Nobody and the Spider (14)

How the Game is Played




“The Spiders will continue their reign of terror until you establish points of control, limiting their influence to smaller, more manageable areas,” Beacon said, pointing to a projection on the wall being made with his patented “Beacon Baton”, a gadget that seemed to be the source of his light based powers. “I’ve outlined the best locations for these control points but I’ll leave it to you to decide as your local expertise trumps mine. The most important thing is to present a unified front. People trust a strong authority and will ignore a weak one. Stay on message, coordinate your law enforcement response and get ahead of the Spiders and other agents provocateurs fueling the chaos in your city. You will get through this. I promise.”

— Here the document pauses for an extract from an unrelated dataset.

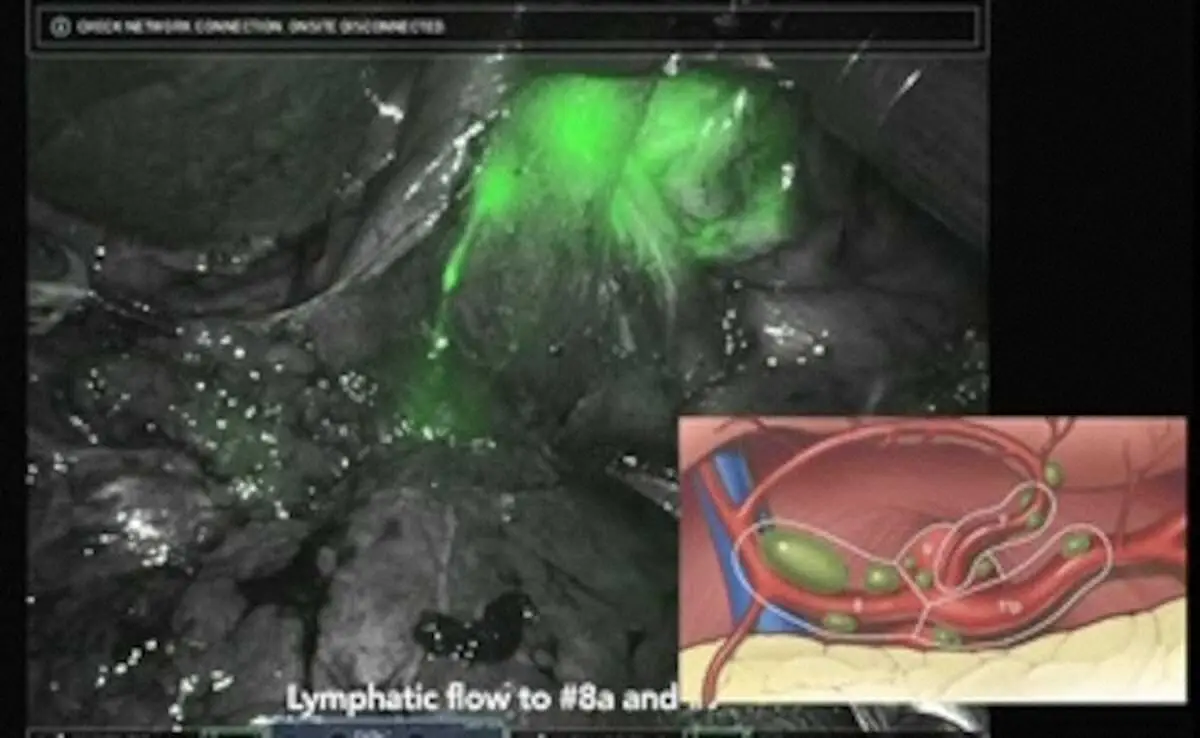 胃がんの周囲にICGを注射すると、このようにリンパ節への流れを観察できます

Cho distractedly looked out the window. There were smoke plumes coming from the direction of Winter Hills. The din of police sirens flooded the streets as emergency responders scrambled to handle emergent situations as they popped up everywhere. Lucky they had an expert crisis manager here in the flesh to save the day. Leader of the rock star super team the Nationals, Mr. Big Swinging Dick himself, the Beacon.

No that wasn’t fair, he told himself. The man was only here to help. Or was he? He claimed the governor had sent him and a quick call to the governor’s office confirmed this, but was Beacon really here to fix things, or did he have some alternative agenda? Mitch would have said something. He would have at least called! He didn’t send fixers in to clean up like some kind of Mafioso. It didn’t make sense. It was all so cloak and dagger.

Had Mitch gotten “the talk” from Slim too, he wondered? Or a Slim, anyway? A Slim type character? The talk about the way things were? The Status Quo? Was this back room Illuminati shit how politics actually worked in the real world or only in this screwed up city? How high did this go?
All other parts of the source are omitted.